But love your enemies, do good, and lend, expecting nothing in return. Your reward will be great, and you will be children of the Most High; for he is kind to the ungrateful and the wicked. Be merciful, just as your Father is merciful.

“Do not judge, and you will not be judged; do not condemn, and you will not be condemned. Forgive, and you will be forgiven; give, and it will be given to you. A good measure, pressed down, shaken together, running over, will be put into your lap; for the measure you give will be the measure you get back.”
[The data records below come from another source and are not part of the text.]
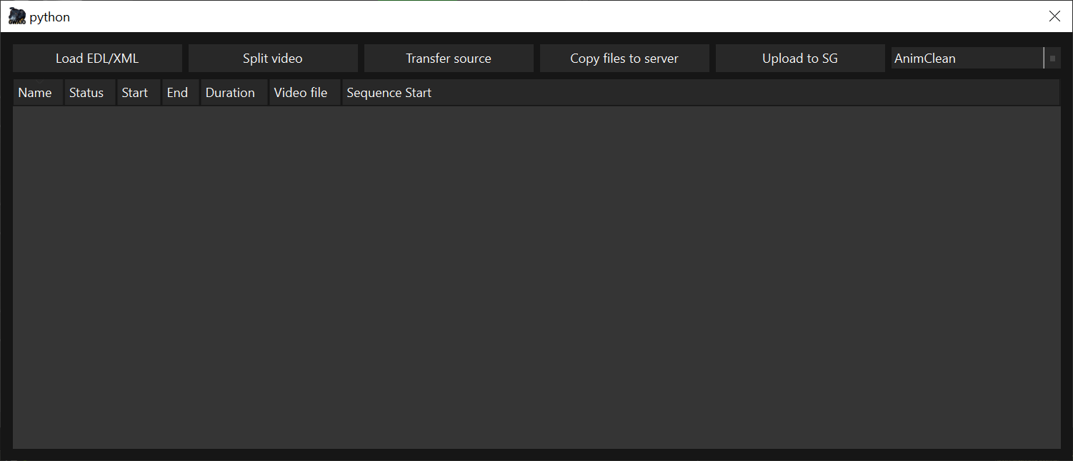 Herramienta para la creación por lotes de shots en Shotgrid dado un fichero EDL. En esta ventana nos encontraremos 5 botones.
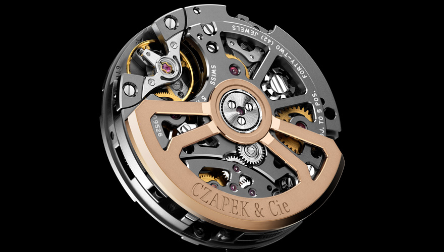 どちらのモデルにも、ヴォーシェ・マニュファクチュール・フルーリエ(Vaucher Manufacture Fleurier)によって製造された、チャペック社独自のビスポーク・ムーブメント、キャリバーSXH3が搭載されている。COSC認定済み。コラムホイール、垂直クラッチを備えたクロノグラフ・ムーブメントであり、振動数は36,000振動/時(または5ヘルツ)の高振動である。この自動巻きムーブメントには、サンドブラスト、スネイルなど優れた仕上げがなされている。
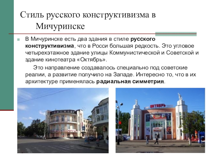 Слайд 7 Стиль русского конструктивизма в Мичуринске
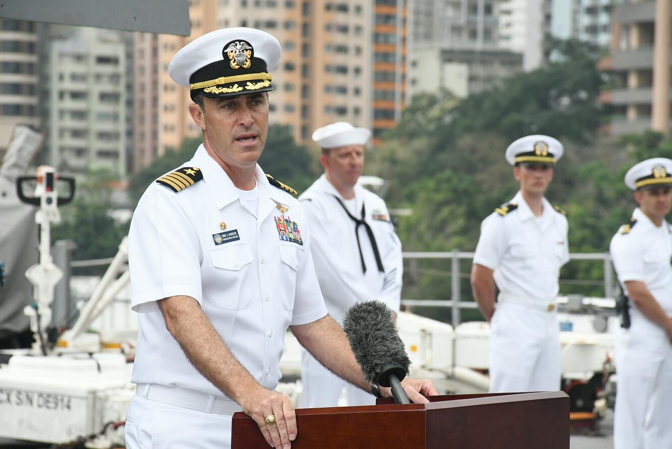 藍嶺號司令Eric Anduze表示,這是他第一次到訪香港,艦上亦有不少船員及水手首次來港,相信今次訪問可以讓大家更好的感受這座美好的城市。第七艦隊司令索耶爾則通過新聞稿表示,第七艦隊過去幾十年曾多次訪問香港,希望彼此訪問能繼續這一傳統。
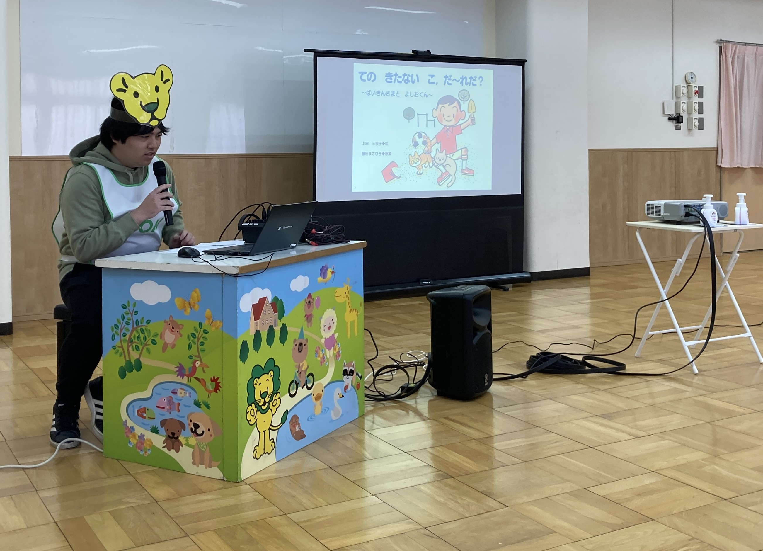 紙芝居「てのきたないこ だーれだ?」のお話を聞き、手を洗わないとお腹にばい菌が入ってしまう事を教えてもらい、手をきれいにする大切さを知りました。
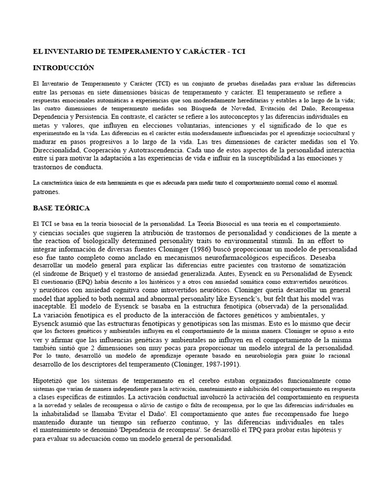 El Inventario de Temperamento y Carácter (TCI) es un conjunto de pruebas diseñadas para evaluar las diferencias
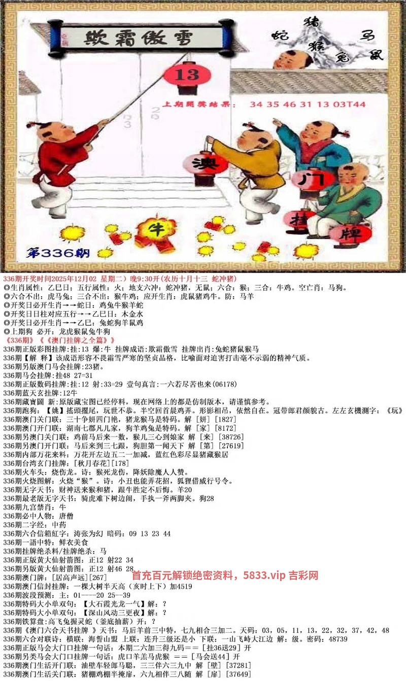 | 334期 | 虎羊鸡 | 虎羊 | 虎 |
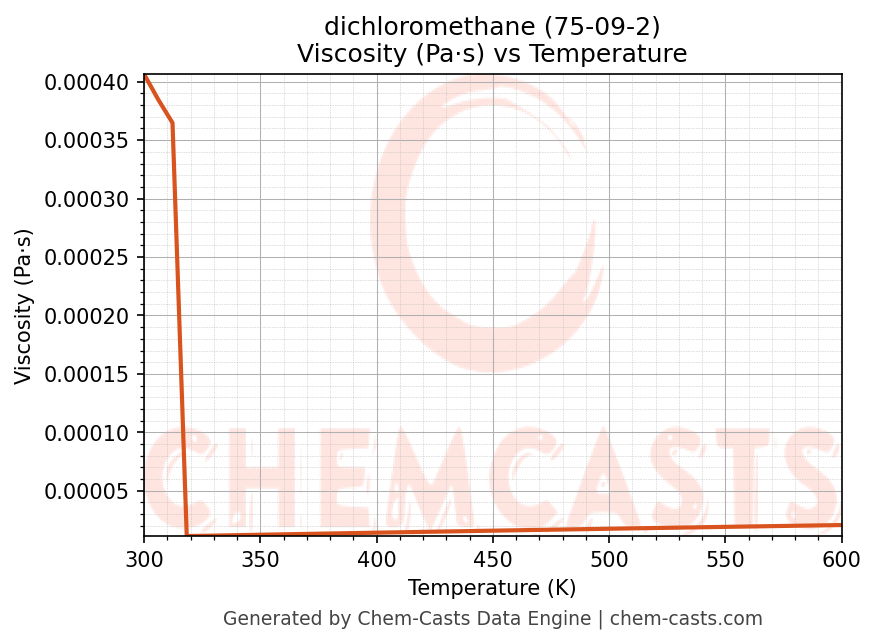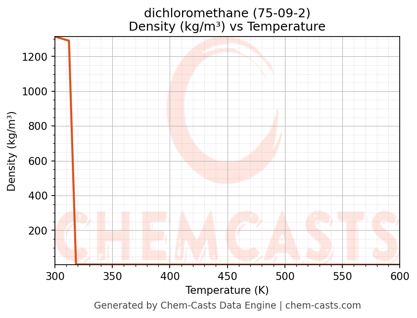 This page presents the temperature-dependent thermodynamic and transport properties of dichloromethane (CAS 75-09-2) calculated at a constant pressure of 1 atm (101325 Pa) over the temperature range 250-500 K.

New Revised Standard Version, copyright 1989, by the National Council of the Churches of Christ in the United States of America. Used by permission. All rights reserved. USCCB approved.

 

Love is the measure

Who can measure up to the standard Jesus sets in this Gospel? It’s one thing to say “love your enemies” and it’s another to follow through on loving the people who push my buttons, who might deceive me, or even harm me. But if I rationalize why I don’t have to show someone respect or kindness, I put myself at odds with Jesus’ insistence that his disciples love without qualification. This is better understood not as an impossible ideal, but an aspiration: no matter how many times I might fail or fall short, I always have another chance to choose love. 

Why does Jesus issue this challenge? Not to make us feel like we can never fully measure up, but because love changes us. Jesus tells us: don’t give up on love; it urges us to replace judgment with compassion, resentment with tenderness, frugality with generosity, timidity with fortitude, certainty with humility, cynicism with hope, and shame or blame with forgiveness. Being loved and loving others is transformative. 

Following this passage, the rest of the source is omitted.